Do we? Cite a source, please, and explain the mechanism you’re talking about. Do you have a graph of Solar output versus temperature on the time scale of the ice cores?
Andrew Dodds says
Re: 216
You are cartainly correct that there was plenty of life in the Cretaceous, and it was very much warmer. This appears to be a result of several things – higher GHG levels, no ice caps/ocean circulation to the poles, no large mountain areas comparable with Tibet, etc.
Thing is, sea levels were of the order of 100 meters (300 feet) higher than today.

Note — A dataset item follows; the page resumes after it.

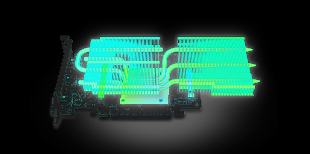 GPU je namontováno na vysokohustotní 6vrstvé 2oz měděné desce s vysokým TG, aby vyhovovalo vysoké rychlosti, vysokému proudu a zvýšeným požadavkům na napájení GPU a paměti a zajistilo vysokou stabilitu desky během provozu.

It does not matter *what* the climate is – it is just that all of our human infrastructure is built around the current climate, and moving the climate makes a lot of that infrastructure obsolete. Think water, agriculture, house styles, etc..
Ian Rae says
Gavin, I would like to believe you, but some of your statements puzzle me. At one point you say “S+W’s study is incorrect, but even if we discuss that, you can always find another ‘confusing’ reference that we haven’t discussed. This is a real problem, and one where there is not an obvious answer.” You suggest that the “public shouldn’t listen to any one scientist (even me), but the assessments (IPCC, NAS etc.)”. The IPCC is a highly politicized body whose conclusions are signed off by governments, i.e. politicians. Given the whirlwind of AGW in the zeitgeist, one can hardly trust governments to be neutral on this topic.

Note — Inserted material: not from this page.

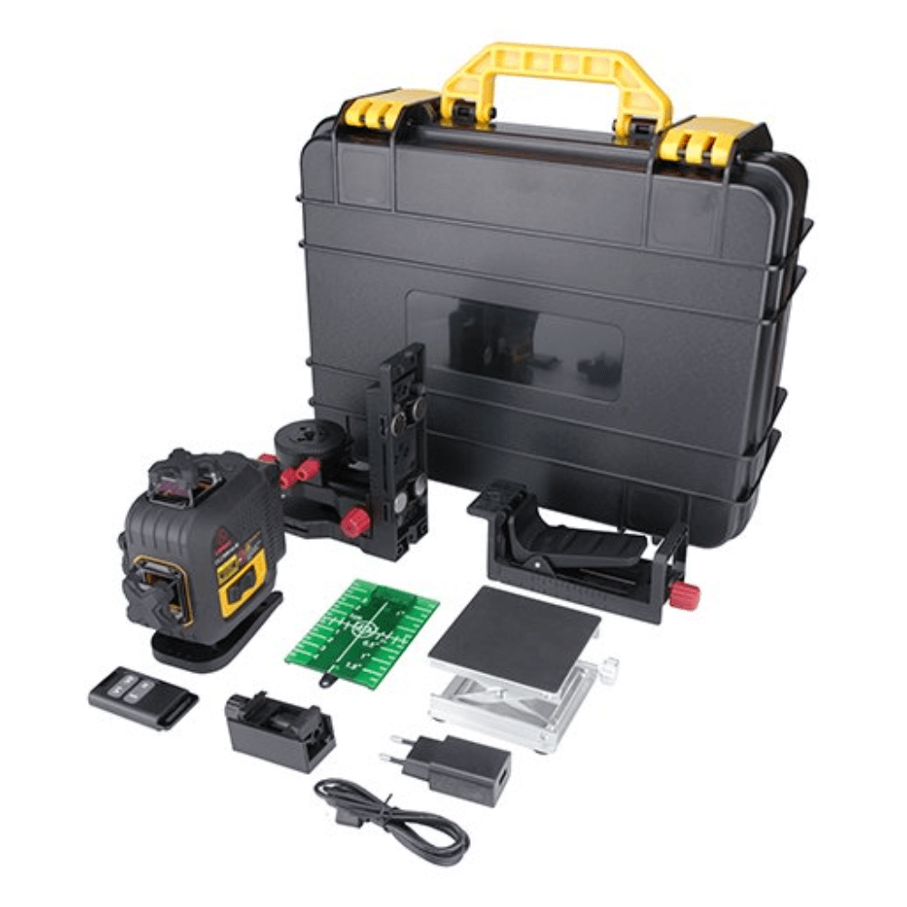 Samopoziomujący Laser liniowy CROSS 4D to precyzyjny laser liniowy 360° z zieloną wiązką do prac wykończeniowych i montażowych. Wyświetla pełną siatkę 4 linii i samoczynnie się poziomuje. Idealny do glazury, zabudów i instalacji.

Later you respond to a simple question about T-CO2 lag with “The degree of that lag is actually quite uncertain and there is recent paper under review that suggests…” Given the huge amount of NAS & IPCC assessments, which you say people should trust more, why do you reach into a mirky bag of half-reviewed papers which “suggest” something? I may be completely wrong here, but it seems that rather than simply conceding “yes CO2 generally lags T” you resort to another confusing reference which happens to support your position. Surely this simple question about pre-20th century T/C02 lags can be answered better than that.
I find it hard to believe that thousands of climate scientists are wrong, or caught up in some politicized delusion. If they say AGW is happening then I am prepared to accept that. But the tone used by some here about how “tired” they are of answering the same old questions is quite unhelpful. It’s understandable to be tired, but remember that you are calling for a fundamental change in our civilization that will cost trillions and take decades to accomplish. We need to check and check and check again.
Anyway, thanks for this site; it’s one of the best on the web. It’s a good regular read.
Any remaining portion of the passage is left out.